The branched chain aminotransferase IlvE promotes growth, stress resistance, and pathogenesis of Listeria monocytogenes

The bacterial plasma membrane is a key interface during pathogen-host interactions, and membrane composition enhances resistance against host antimicrobial defenses. Branched chain fatty acids (BCFAs) are the major plasma membrane component in the intracellular Gram-positive pathogen Listeria monocytogenes (Lm) and BCFA metabolism is essential for Lm growth and virulence. BCFA synthesis requires branched chain amino acids (BCAAs), and the BCAA Isoleucine (Ile) is a necessary substrate for the predominant membrane anteiso-BCFAs (ai-BCFAs) as well as an environmental signal for virulence regulation in Lm. In this study, we explored how two proteins that metabolize or sense Ile contribute to Lm growth, BCFA metabolism, and virulence. The IlvE aminotransferase incorporates Ile into ai-BCFAs, while CodY is an Ile-sensing regulator that coordinates BCAA synthesis and virulence gene expression. Analysis of deletion mutants lacking IlvE (ΔilvE) or CodY (ΔcodY) revealed a major role for IlvE under nutrient restriction and stress conditions. Cultures of the ΔilvE mutant contained proportionally less ai-BCFAs relative to wild type, while of the ΔcodY mutant had a lower proportion of ai-BCFAs in stationary phase, despite containing more cell-associated Ile.
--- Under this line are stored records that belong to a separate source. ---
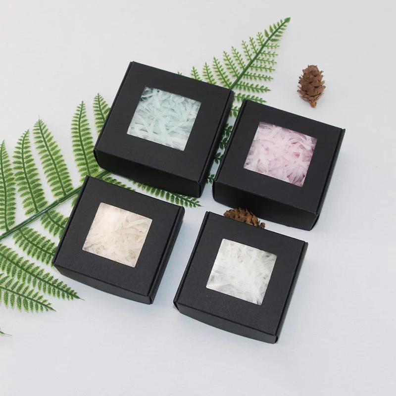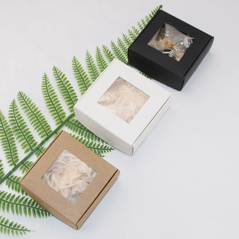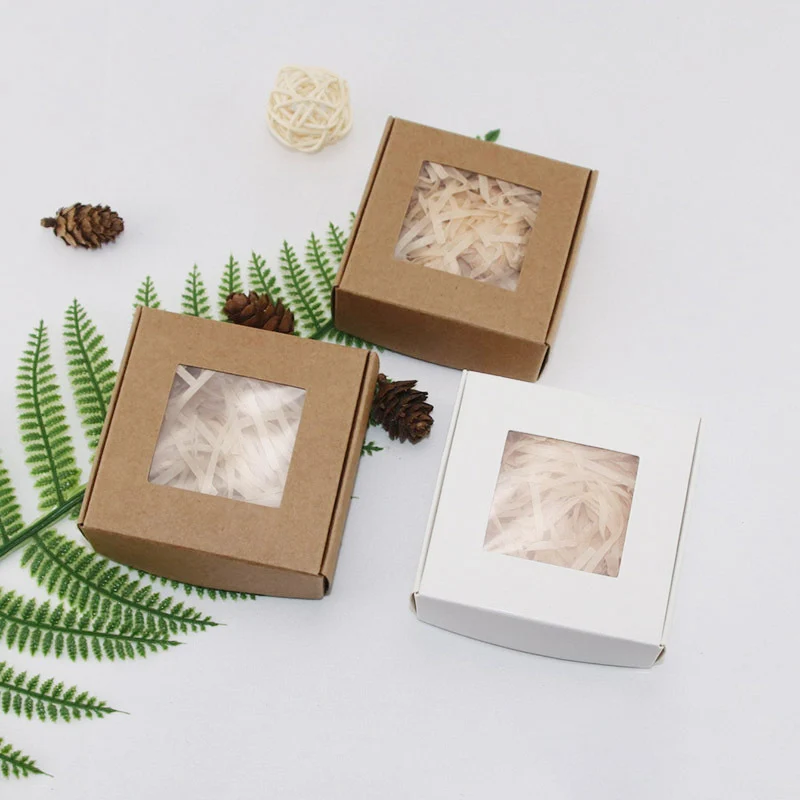 4pcs New PVC Window Kraft Paper Gift Box Biscuit Handmade Soap Jewelry Gift Packaging Party Supplies Gift Box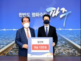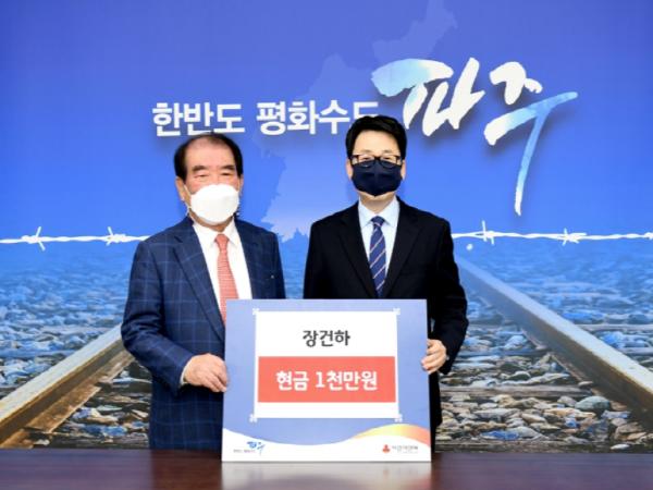 파주시는 지난 5일 아너소사이어티 회원인 장건하 기부자가 경제적 어려움으로 힘든 저소득층을 위해 써달라며 이웃돕기 성금 1천만 원을 전달했다고 밝혔다.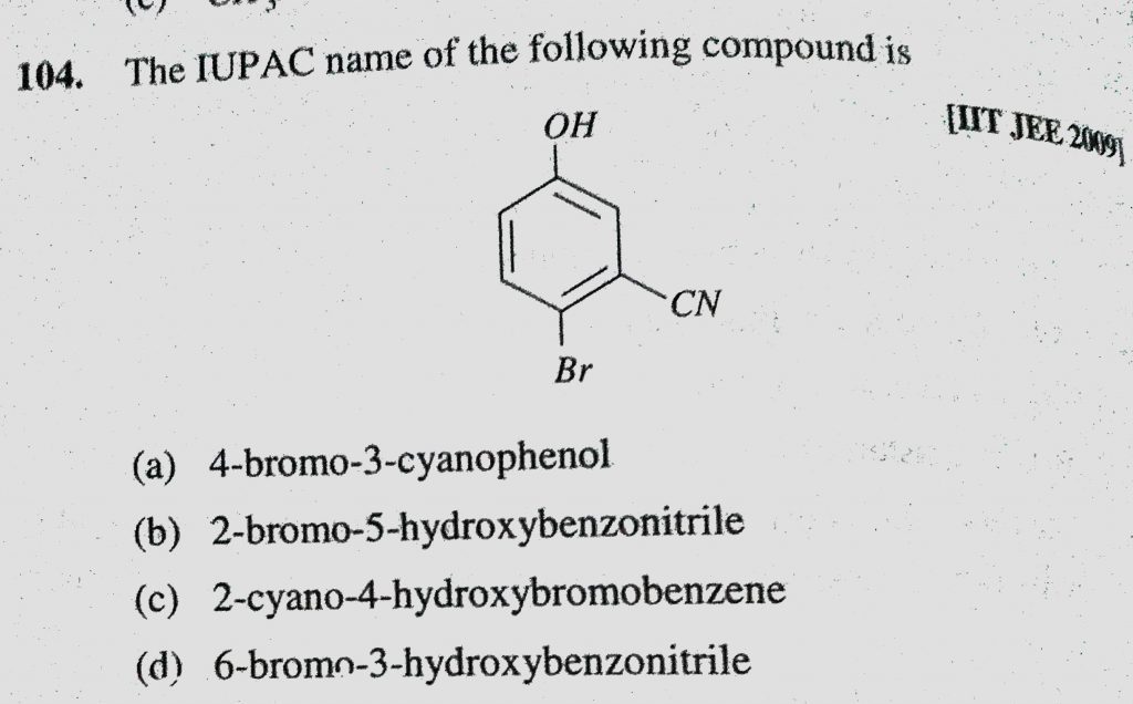 The IUPAC name of the following compound is (a) 4-bromo-3-cyanophenol (b) 2-bromo-5-hydroxybenzonitrile The IUPAC name of the following compound is (a) 4-bromo-3-cyanophenol (b) 2-bromo-5-hydroxybenzonitrile December 11, 2020 Category: Uncategorised (JEE Advanced Physics by BM Sharma + GMP Solutions) , Facebook Messenger WhatsApp Share this:TwitterFacebook Related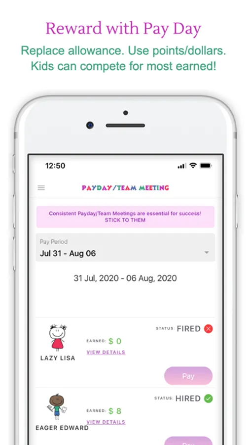 - EARN REWARD - kids receive a payday, can be dollars or other types of rewards from you.

Both ΔilvE and ΔcodY mutants required exogenous Ile for optimal growth, but the ΔilvE mutant had an absolute requirement for Valine and Leucine when Ile was absent. IlvE was also necessary for resistance to membrane stress, cell-to-cell spread, infection of primary macrophages, and virulence in mice. Our findings implicate IlvE as an integral aspect of Lm stress resistance and emphasize the central importance of Ile in Lm growth and virulence.